In Italia si è costituita ed opera un'associazione che divulga e controlla la realizzazione di questi obiettivi nel nostro Paese, l'ASviS (Alleanza italiana per lo sviluppo sostenibile) che pochi giorni fa, a fine settembre scorso, ha presentato il suo secondo Rapporto sui progressi e sui problemi aperti nell'esperienza del nostro Paese per lo sviluppo sostenibile.

Questo Rapporto, che può essere scaricato on line, solleva molte questioni e fornisce alcune risposte preliminari. Rinviando alla lettura del Rapporto, che consta di 131 pagine sapientemente illustrate con grafici, tavole e riquadri, richiamo qui l'attenzione sul Quadro sintetico di aree, scelte e obiettivi strategici nazionali della Strategia per lo sviluppo sostenibile (contenuto nelle pagine 33-34) e su una stima dei sussidi ambientali erogati in Italia l'anno scorso (Tavola riportata a pagina 37 del Rapporto).

La stima dei sussidi all'ambiente non è esaltante sulla qualità dei sussidi inseriti nel bilancio pubblico italiano: sul totale di 41 miliardi e 151 milioni di euro, 16 miliardi e 167 milioni, il 39 per cento, sono sussidi ambientalmente dannosi; 15 miliardi e 679 milioni, il 38 per cento, sono sussidi ambientalmente favorevoli; 3 miliardi e 538 milioni, il 9 per cento, sono sussidi neutrali e 5 miliardi e 767 milioni, il 14 per cento, sono sussidi di difficile qualificazione.

Occorre dunque cambiare strada nella spesa pubblica se vogliamo che il bilancio dell'Italia sia orientato più decisamente in direzione favorevole alla tutela dell'ambiente.

Consideriamo ora gli aspetti strettamente economici dello sviluppo umano e soffermiamoci sull'aggettivo "inclusivo". Lo sviluppo si dice inclusivo se porta a ridurre le disuguaglianze tra le classi sociali, tra i gruppi, tra i cittadini comunque li classifichiamo, e perciò include i gruppi sociali deboli anziché escluderli dal progresso economico.

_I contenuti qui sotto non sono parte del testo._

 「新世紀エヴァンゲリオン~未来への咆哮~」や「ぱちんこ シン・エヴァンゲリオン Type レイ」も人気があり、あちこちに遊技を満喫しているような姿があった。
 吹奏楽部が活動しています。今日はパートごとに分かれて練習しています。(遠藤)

Usciamo dallo sbornia del capitalismo globalizzato, dei benefici che i teorici del liberismo incontrollato hanno attribuito ai movimenti di capitale da un punto all'altro del pianeta ignorando l'effetto di maggiore concentrazione della ricchezza che i mercati globali hanno provocato sia nei Paesi ricchi sia nei Paesi in via di sviluppo.

La disuguaglianza economica è aumentata negli anni recenti tanto che sta creando ostacoli al capitalismo su scala mondiale rallentando la diffusione del benessere dopo aver consegnato alla finanza (banche e fondi d'investimento) il predominio sulle attività produttive (agricoltura, industria e terziario come il commercio e i servizi sociali).

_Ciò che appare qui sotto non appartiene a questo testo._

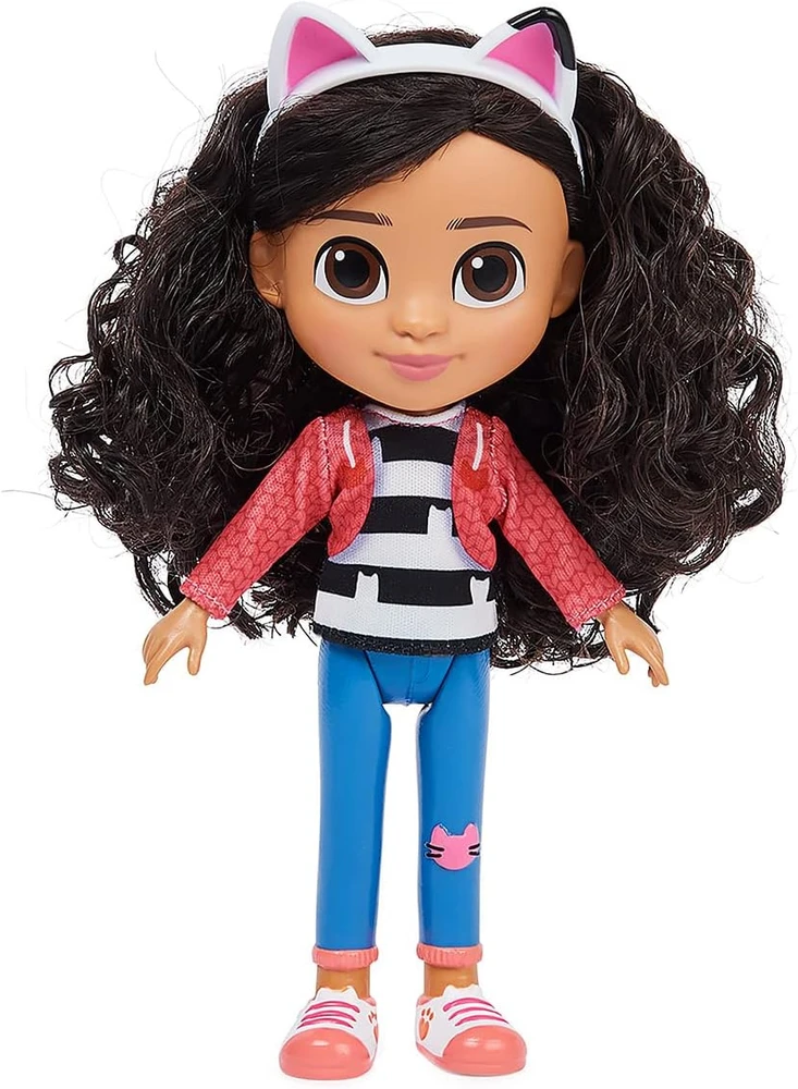 Saia com gabby da Gabbys Dollhouse com a nova boneca Gabby Girl! Com detalhes realistas da cabeça aos dedos dos dois, esta boneca de 8 polegadas dá vida a Gabby. Gabby Girl usa sua roupa clássica do show, incluindo tênis, jeans com um patch de gatinho, um top de tecido e sua assinatura de orelhas de gato na cabeça! Sua faixa de orelhas de gato é removível, e ela ainda tem cabelo macio e encaracolado que você pode estilizar. Com seu visual verdadeiro para mostrar, esta boneca infantil é a companhia perfeita para jogar suas próprias histórias emocionantes em casa. Pose os braços e pernas de Gabby e use sua imaginação para recriar suas cenas favoritas do show.

Un bel libretto scritto da Noam Chomsky (Le dieci leggi del potere. Requiem per il sogno americano, a cura di P.Hutchison, K.Nyks e J.P.Scott, editore Ponte alle Grazie, Gruppo editoriale Mauri Spagnol, Milano, agosto 2017) prevede che il capitalismo globalizzato, a partire dall'America con l'elezione di Trump, abbia gettato le premesse per la "distruzione della vita umana organizzata" (pagine 140 e seguenti) spingendo il pianeta verso la catastrofe ecologica e verso la guerra nucleare. Senza giungere a queste previsioni catastrofiche del radicale Chomsky, un intellettuale comunque libero e indipendente dal potere, non vi è dubbio che la dittatura del capitale finanziario, la concentrazione delle ricchezze che alimenta, il passaggio ormai compiuto dalla concorrenza delle piccole imprese alle grandi imprese oligopolistiche che si fronteggiano e si spartiscono i mercati dei prodotti nuovi, tutto ciò porta al ristagno dell'economia mondiale e in molti Paesi all'emarginazione di lavoratori espulsi dalla produzione e immiseriti, ridotti alla ricerca di un sussidio che permetta loro di sopravvivere.

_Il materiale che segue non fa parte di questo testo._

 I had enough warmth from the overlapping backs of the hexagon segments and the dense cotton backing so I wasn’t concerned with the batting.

I riformisti, ai quali sento di appartenere senza curarmi degli aggettivi poco lusinghieri come "sporco" assegnatomi da tempo, pensano/pensiamo che ci siano ancora spazi per "includere" i cittadini emarginati, soprattutto i giovani, nello sviluppo economico dando nuovo ossigeno, nuovi stimoli alle attività economiche.

Insomma lo sviluppo economico o sarà inclusivo di energie fresche oppure non ci sarà affatto. Anzi se non invertiamo la tendenza all'accoppiata micidiale tra la finanza internazionale dominante nei mercati globali e il populismo serpeggiante tra i movimenti politici di destra, ci troveremo soffocati da una nuova crisi monetaria (di euro, dollaro, sterlina e yen) e dalla paralisi della democrazia rappresentativa.